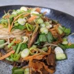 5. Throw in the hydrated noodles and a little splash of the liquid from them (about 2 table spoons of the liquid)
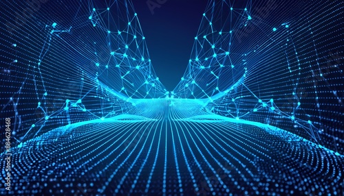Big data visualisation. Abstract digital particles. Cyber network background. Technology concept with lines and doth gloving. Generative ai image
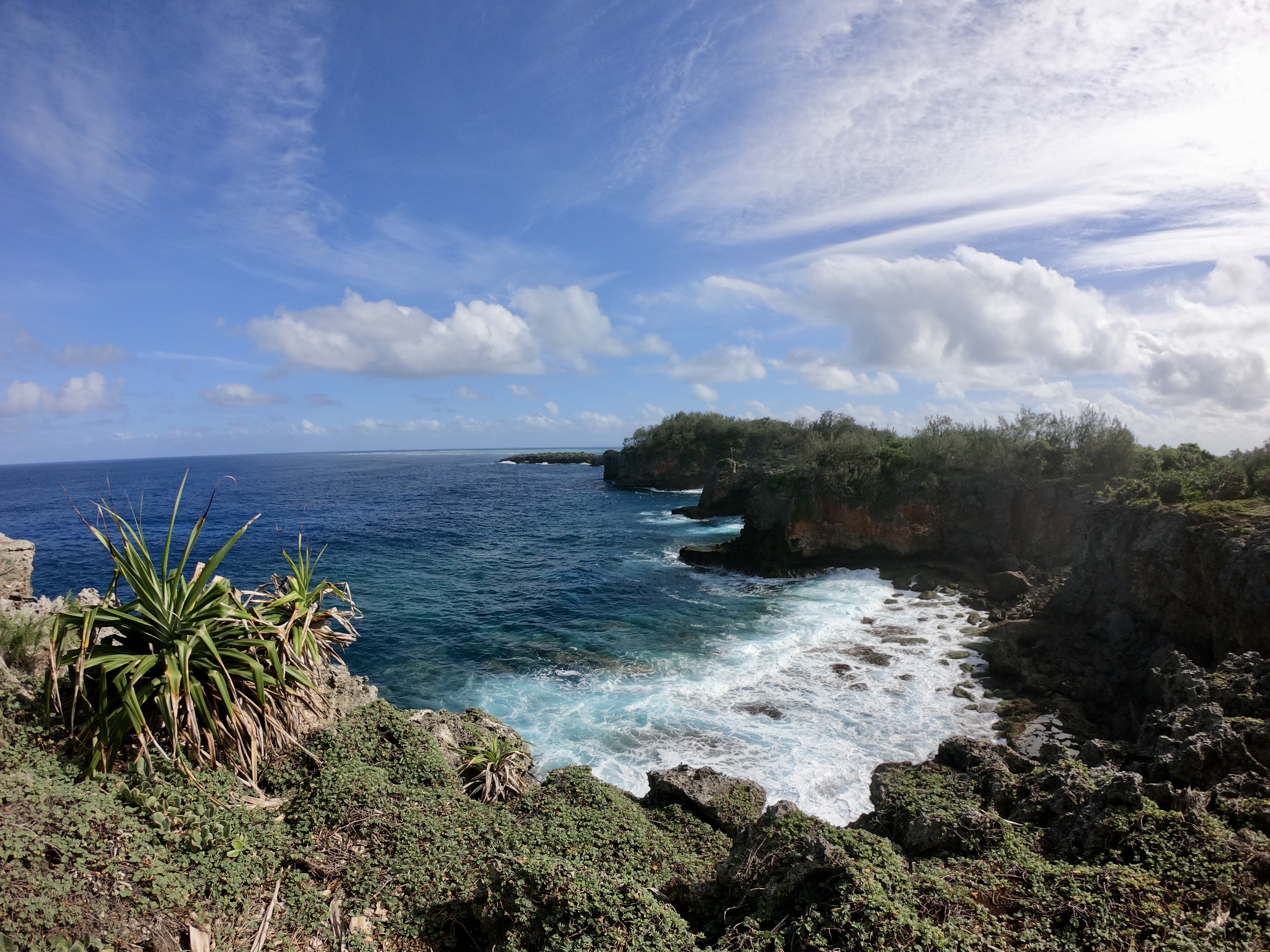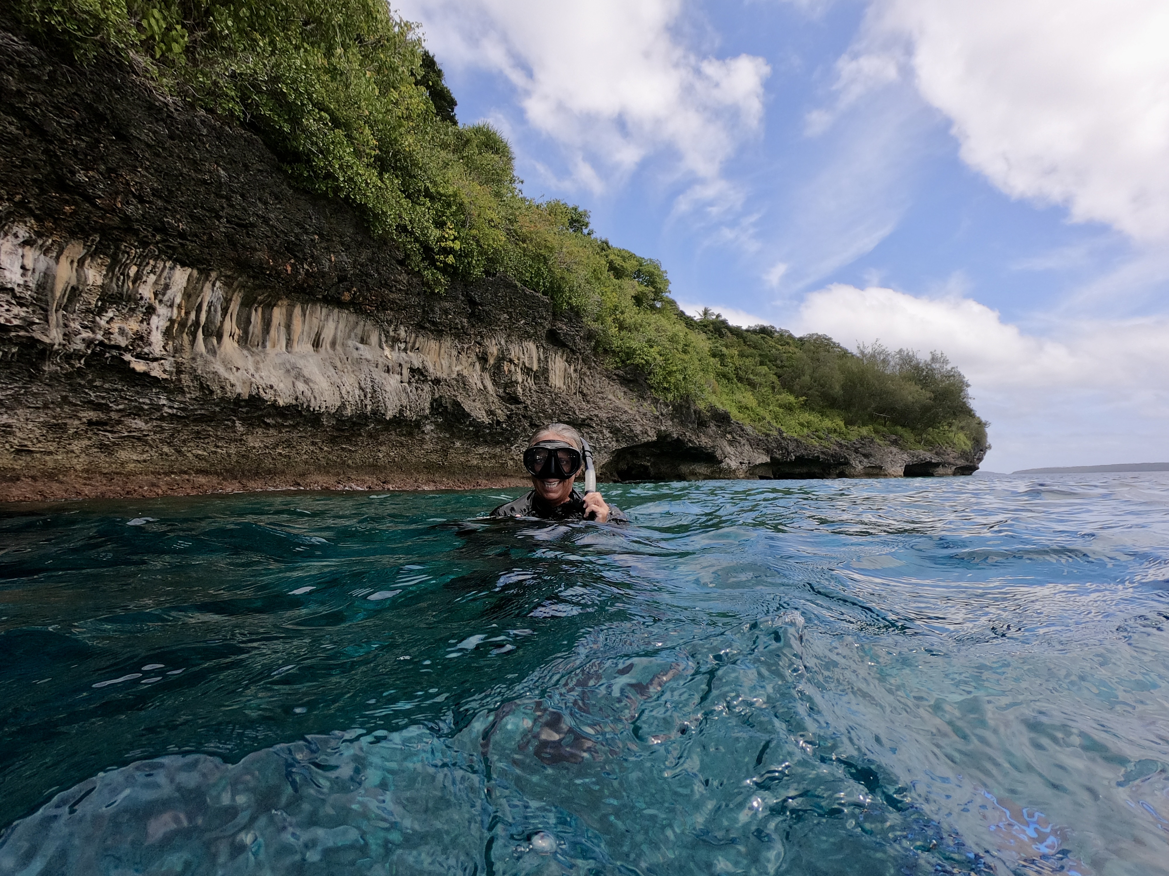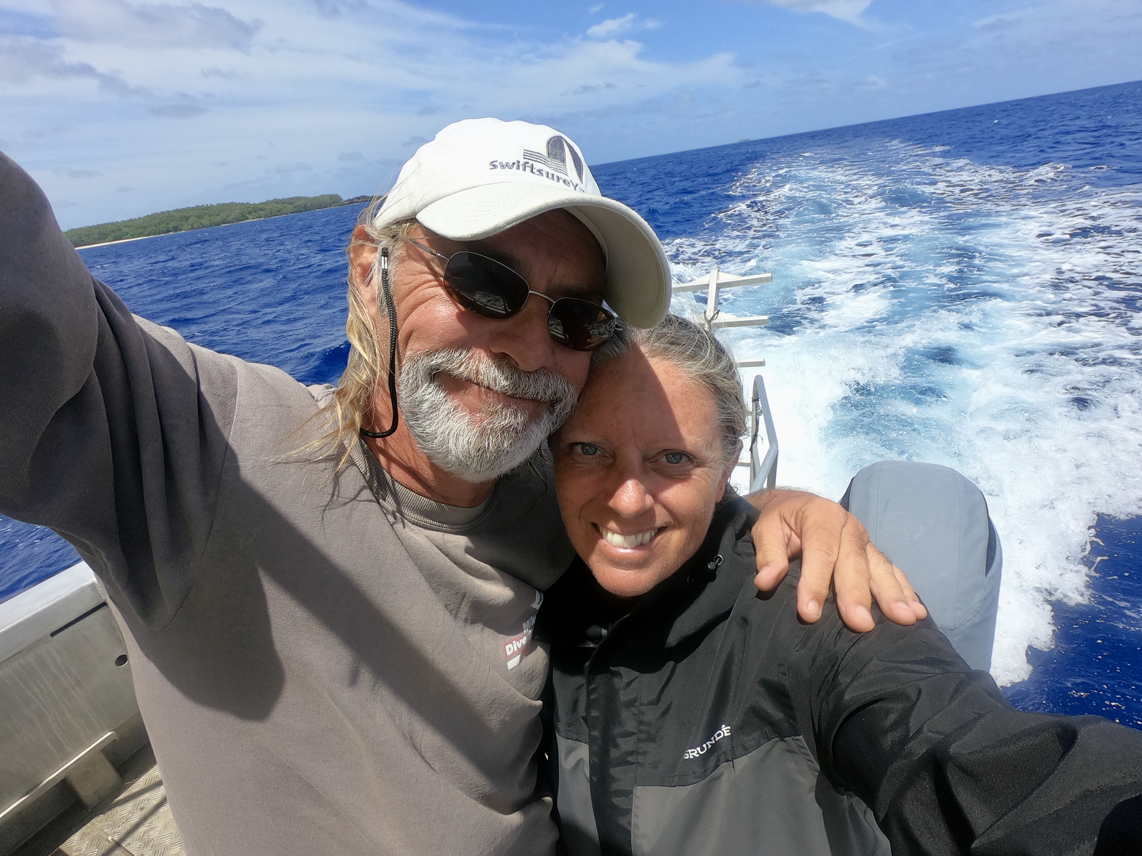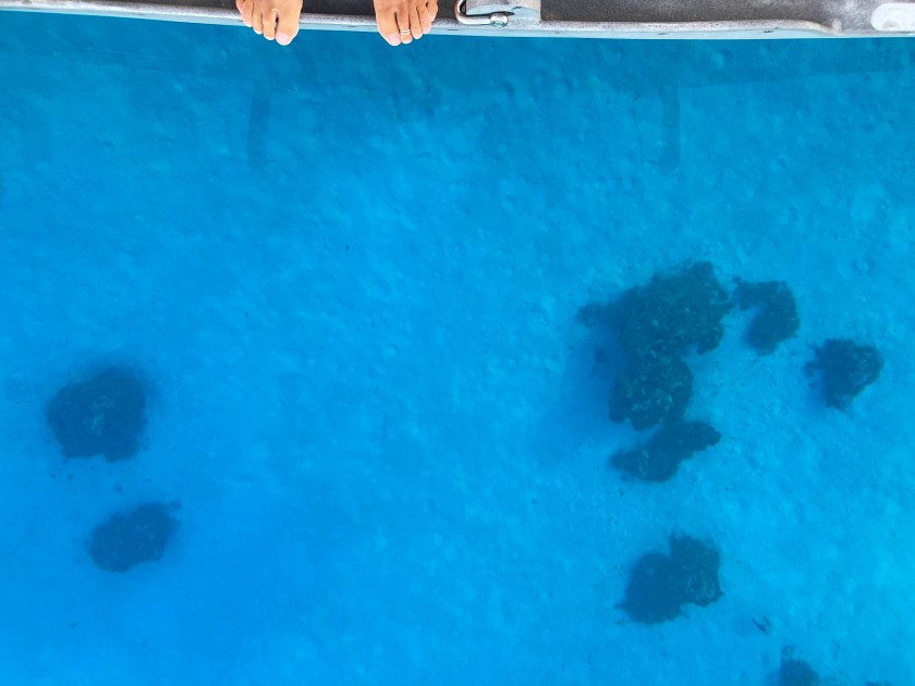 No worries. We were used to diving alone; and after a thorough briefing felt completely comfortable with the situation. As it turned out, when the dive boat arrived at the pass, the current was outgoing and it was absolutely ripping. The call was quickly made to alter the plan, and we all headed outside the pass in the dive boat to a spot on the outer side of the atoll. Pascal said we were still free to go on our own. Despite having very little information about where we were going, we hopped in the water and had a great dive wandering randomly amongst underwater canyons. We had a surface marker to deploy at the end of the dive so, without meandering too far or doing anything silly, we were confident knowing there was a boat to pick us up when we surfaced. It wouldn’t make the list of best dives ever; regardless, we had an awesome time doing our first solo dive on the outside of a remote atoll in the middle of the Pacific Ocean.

_ _ _ _ _ _ _

_Required action:_
"Big data visualisation." marks the first line to be returned; return exactly that line and every line after it through the last line of the listing, omitting pictures.

_Exercise answer:_
Big data visualisation. Abstract digital particles. Cyber network background. Technology concept with lines and doth gloving. Generative ai image
 No worries. We were used to diving alone; and after a thorough briefing felt completely comfortable with the situation. As it turned out, when the dive boat arrived at the pass, the current was outgoing and it was absolutely ripping. The call was quickly made to alter the plan, and we all headed outside the pass in the dive boat to a spot on the outer side of the atoll. Pascal said we were still free to go on our own. Despite having very little information about where we were going, we hopped in the water and had a great dive wandering randomly amongst underwater canyons. We had a surface marker to deploy at the end of the dive so, without meandering too far or doing anything silly, we were confident knowing there was a boat to pick us up when we surfaced. It wouldn’t make the list of best dives ever; regardless, we had an awesome time doing our first solo dive on the outside of a remote atoll in the middle of the Pacific Ocean.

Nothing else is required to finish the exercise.